• What is expected: Once the pictures are set aside, reproduce the remaining data exactly.

• Data:
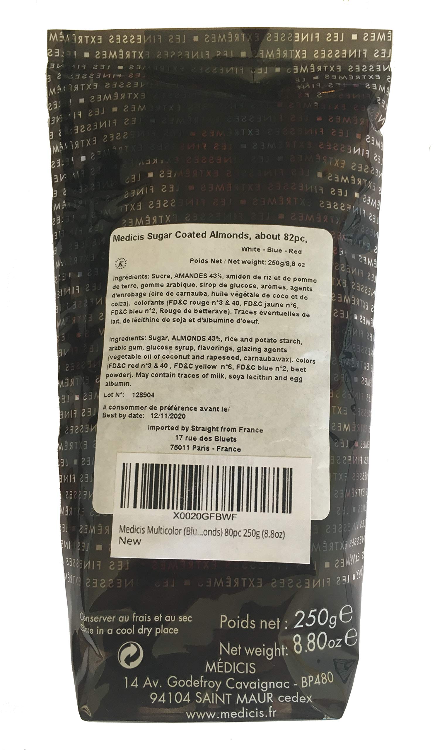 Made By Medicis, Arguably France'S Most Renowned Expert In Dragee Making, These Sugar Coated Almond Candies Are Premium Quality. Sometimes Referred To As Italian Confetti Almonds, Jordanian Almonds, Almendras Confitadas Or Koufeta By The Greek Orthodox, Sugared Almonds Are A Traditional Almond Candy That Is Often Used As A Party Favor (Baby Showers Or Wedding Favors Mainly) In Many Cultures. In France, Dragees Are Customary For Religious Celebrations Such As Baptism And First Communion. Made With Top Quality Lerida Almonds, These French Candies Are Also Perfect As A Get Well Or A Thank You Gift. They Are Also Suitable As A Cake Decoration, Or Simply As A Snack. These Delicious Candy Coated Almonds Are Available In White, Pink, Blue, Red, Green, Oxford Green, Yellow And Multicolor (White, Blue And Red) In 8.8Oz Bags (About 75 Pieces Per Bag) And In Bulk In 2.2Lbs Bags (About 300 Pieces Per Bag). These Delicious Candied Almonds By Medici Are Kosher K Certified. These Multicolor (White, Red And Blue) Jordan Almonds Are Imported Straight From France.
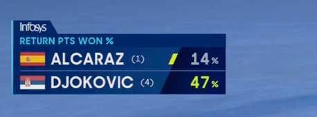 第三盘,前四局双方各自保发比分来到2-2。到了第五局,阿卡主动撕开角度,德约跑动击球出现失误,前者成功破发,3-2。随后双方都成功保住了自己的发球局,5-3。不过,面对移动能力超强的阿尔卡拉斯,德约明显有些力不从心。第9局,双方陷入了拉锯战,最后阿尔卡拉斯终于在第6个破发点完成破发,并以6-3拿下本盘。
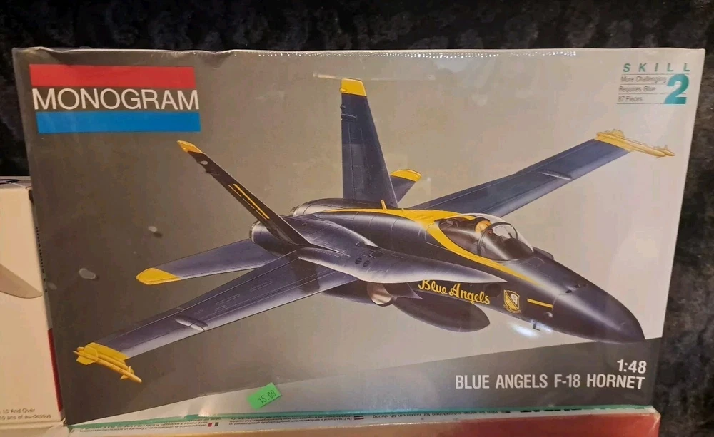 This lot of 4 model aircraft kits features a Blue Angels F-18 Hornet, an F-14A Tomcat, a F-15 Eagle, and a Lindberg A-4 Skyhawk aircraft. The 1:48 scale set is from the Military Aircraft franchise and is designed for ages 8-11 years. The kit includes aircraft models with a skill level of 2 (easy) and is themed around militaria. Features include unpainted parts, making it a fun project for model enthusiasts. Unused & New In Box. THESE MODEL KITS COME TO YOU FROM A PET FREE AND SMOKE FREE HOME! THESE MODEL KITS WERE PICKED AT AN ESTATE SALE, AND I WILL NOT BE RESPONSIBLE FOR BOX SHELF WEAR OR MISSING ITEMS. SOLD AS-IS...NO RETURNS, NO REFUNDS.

• Task answer:
 Made By Medicis, Arguably France'S Most Renowned Expert In Dragee Making, These Sugar Coated Almond Candies Are Premium Quality. Sometimes Referred To As Italian Confetti Almonds, Jordanian Almonds, Almendras Confitadas Or Koufeta By The Greek Orthodox, Sugared Almonds Are A Traditional Almond Candy That Is Often Used As A Party Favor (Baby Showers Or Wedding Favors Mainly) In Many Cultures. In France, Dragees Are Customary For Religious Celebrations Such As Baptism And First Communion. Made With Top Quality Lerida Almonds, These French Candies Are Also Perfect As A Get Well Or A Thank You Gift. They Are Also Suitable As A Cake Decoration, Or Simply As A Snack. These Delicious Candy Coated Almonds Are Available In White, Pink, Blue, Red, Green, Oxford Green, Yellow And Multicolor (White, Blue And Red) In 8.8Oz Bags (About 75 Pieces Per Bag) And In Bulk In 2.2Lbs Bags (About 300 Pieces Per Bag). These Delicious Candied Almonds By Medici Are Kosher K Certified. These Multicolor (White, Red And Blue) Jordan Almonds Are Imported Straight From France.
 第三盘,前四局双方各自保发比分来到2-2。到了第五局,阿卡主动撕开角度,德约跑动击球出现失误,前者成功破发,3-2。随后双方都成功保住了自己的发球局,5-3。不过,面对移动能力超强的阿尔卡拉斯,德约明显有些力不从心。第9局,双方陷入了拉锯战,最后阿尔卡拉斯终于在第6个破发点完成破发,并以6-3拿下本盘。
 This lot of 4 model aircraft kits features a Blue Angels F-18 Hornet, an F-14A Tomcat, a F-15 Eagle, and a Lindberg A-4 Skyhawk aircraft. The 1:48 scale set is from the Military Aircraft franchise and is designed for ages 8-11 years. The kit includes aircraft models with a skill level of 2 (easy) and is themed around militaria. Features include unpainted parts, making it a fun project for model enthusiasts. Unused & New In Box. THESE MODEL KITS COME TO YOU FROM A PET FREE AND SMOKE FREE HOME! THESE MODEL KITS WERE PICKED AT AN ESTATE SALE, AND I WILL NOT BE RESPONSIBLE FOR BOX SHELF WEAR OR MISSING ITEMS. SOLD AS-IS...NO RETURNS, NO REFUNDS.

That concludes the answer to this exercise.